Raw data |
=====
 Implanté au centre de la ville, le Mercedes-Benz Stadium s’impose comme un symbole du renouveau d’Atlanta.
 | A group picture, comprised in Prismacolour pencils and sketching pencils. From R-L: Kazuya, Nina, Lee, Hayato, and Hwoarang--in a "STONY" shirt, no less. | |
=====
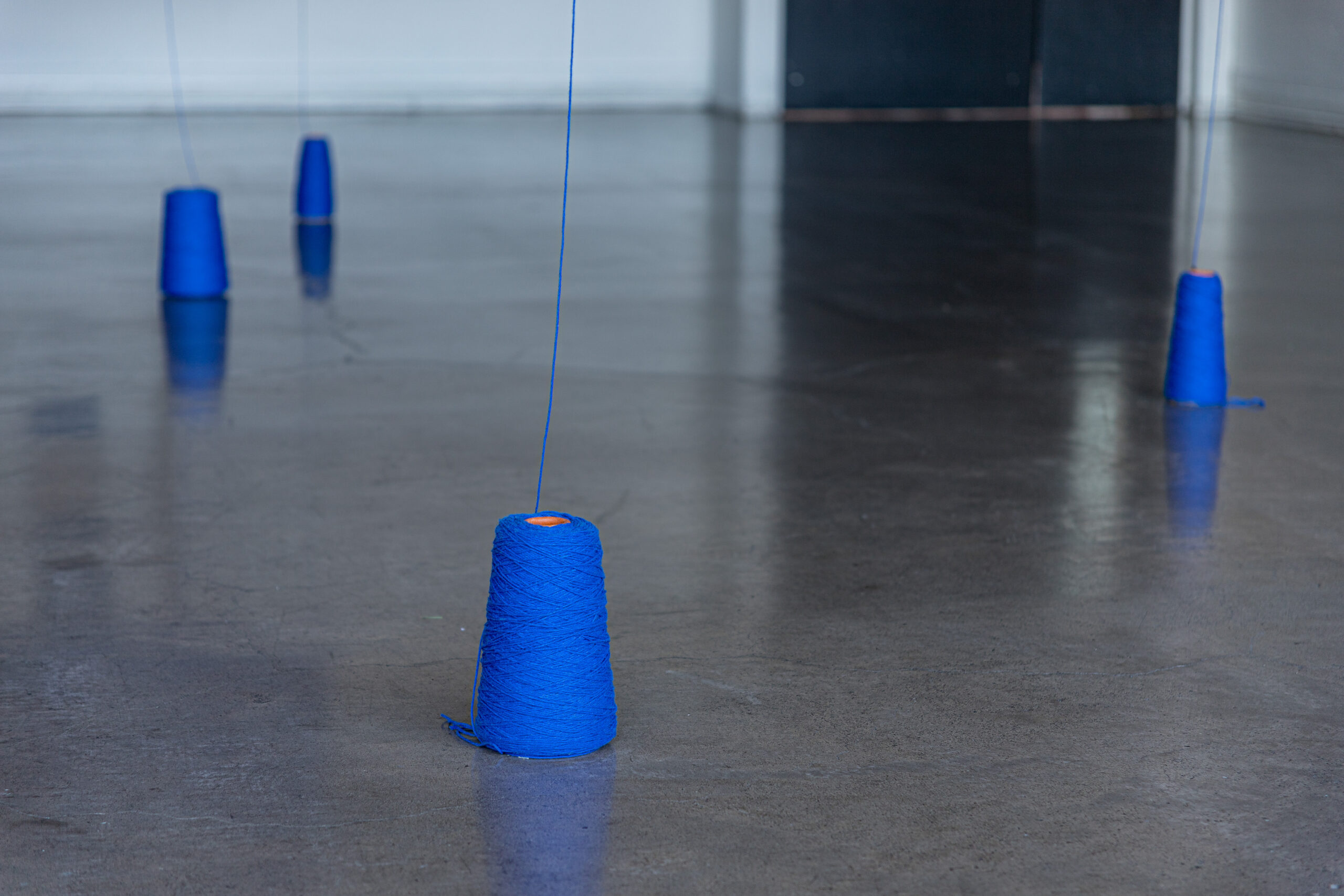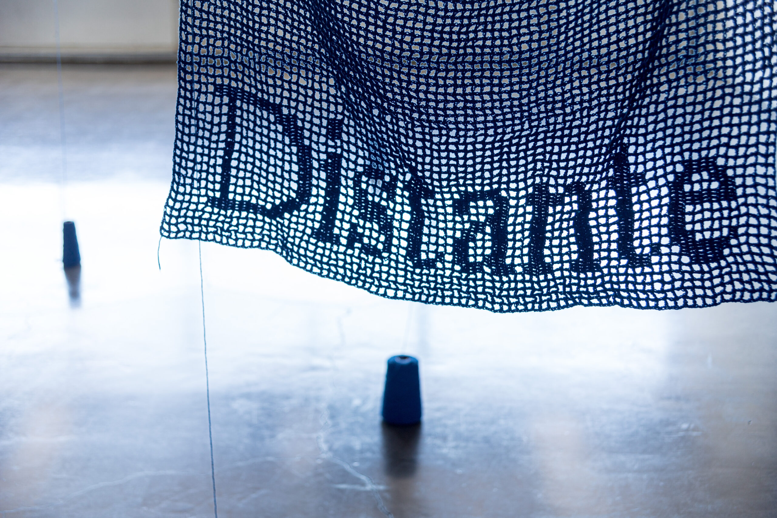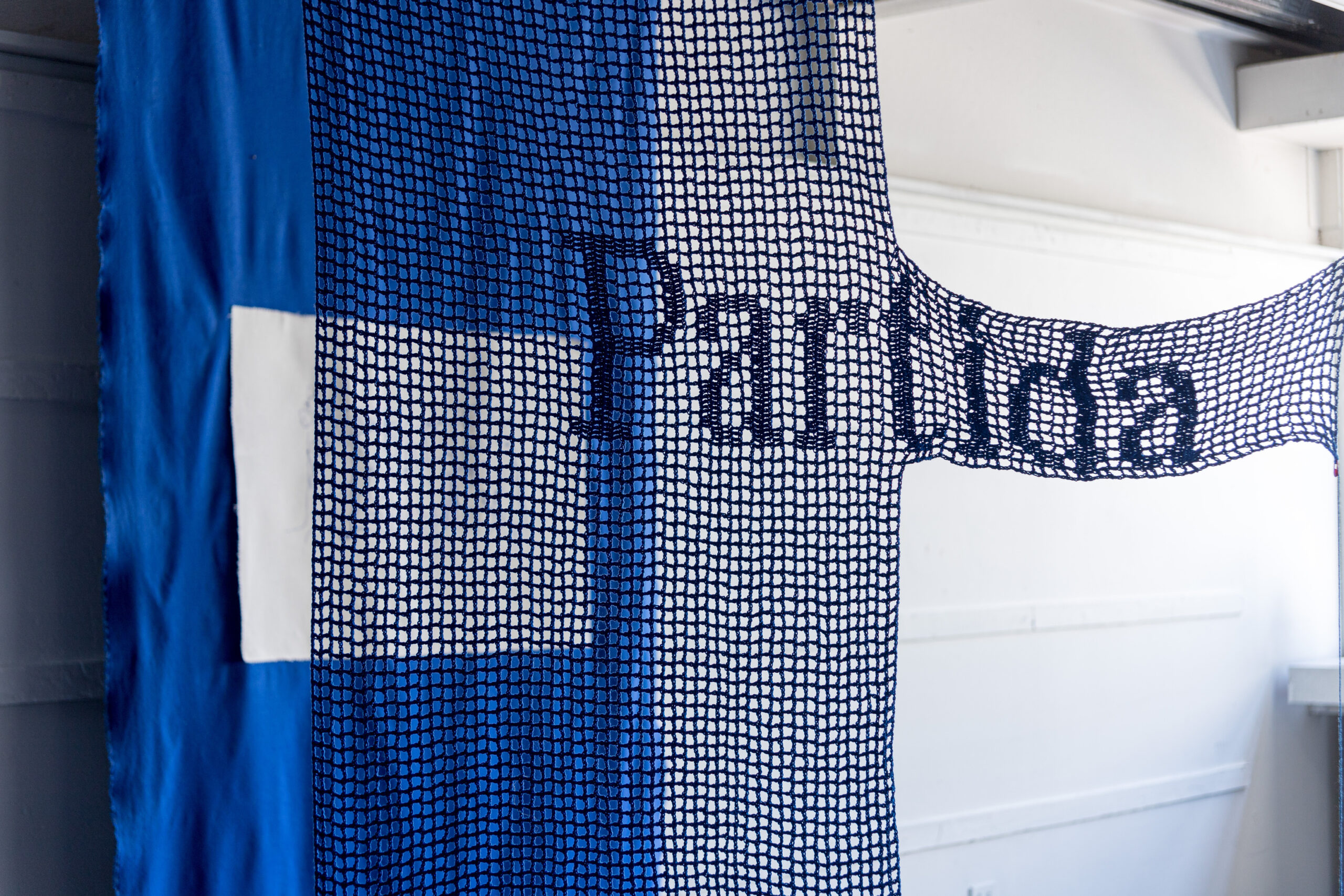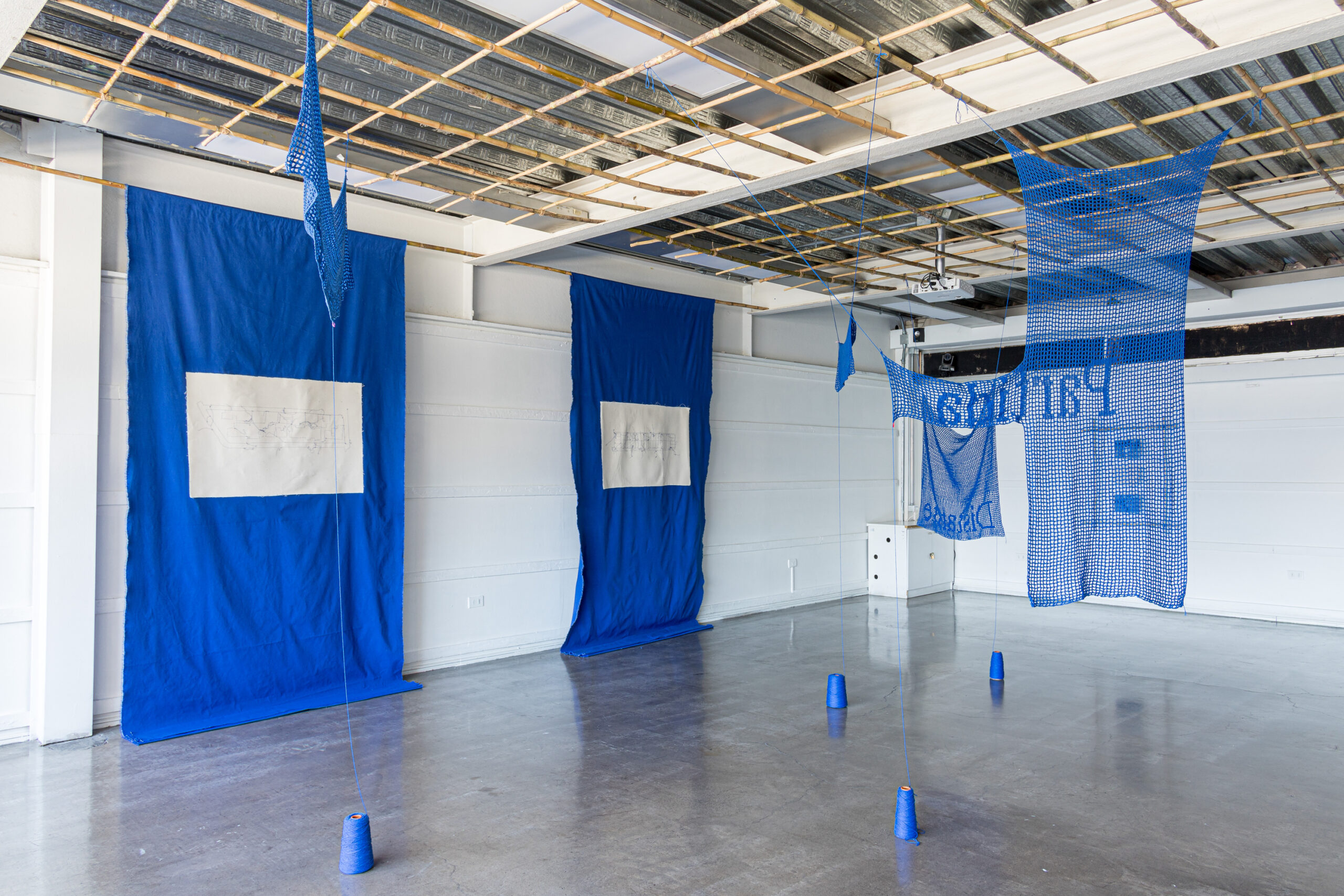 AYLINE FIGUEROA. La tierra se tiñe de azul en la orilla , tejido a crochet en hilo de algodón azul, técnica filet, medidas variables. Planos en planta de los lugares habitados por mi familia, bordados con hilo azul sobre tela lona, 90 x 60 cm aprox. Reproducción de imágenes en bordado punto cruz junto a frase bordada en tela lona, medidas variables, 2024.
=====
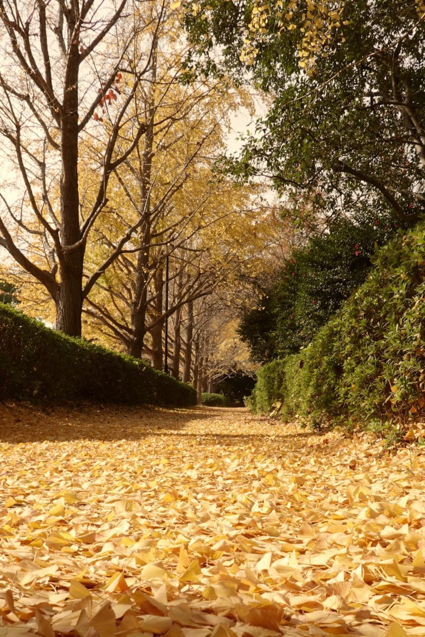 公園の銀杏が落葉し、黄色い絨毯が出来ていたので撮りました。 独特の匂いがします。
=====
Task brief |
The lines above, starting at the one with "Implanté au centre" and ending at the one with "no less. | |", are the only ones to return, exactly as written.

Response area |
 Implanté au centre de la ville, le Mercedes-Benz Stadium s’impose comme un symbole du renouveau d’Atlanta.
 | A group picture, comprised in Prismacolour pencils and sketching pencils. From R-L: Kazuya, Nina, Lee, Hayato, and Hwoarang--in a "STONY" shirt, no less. | |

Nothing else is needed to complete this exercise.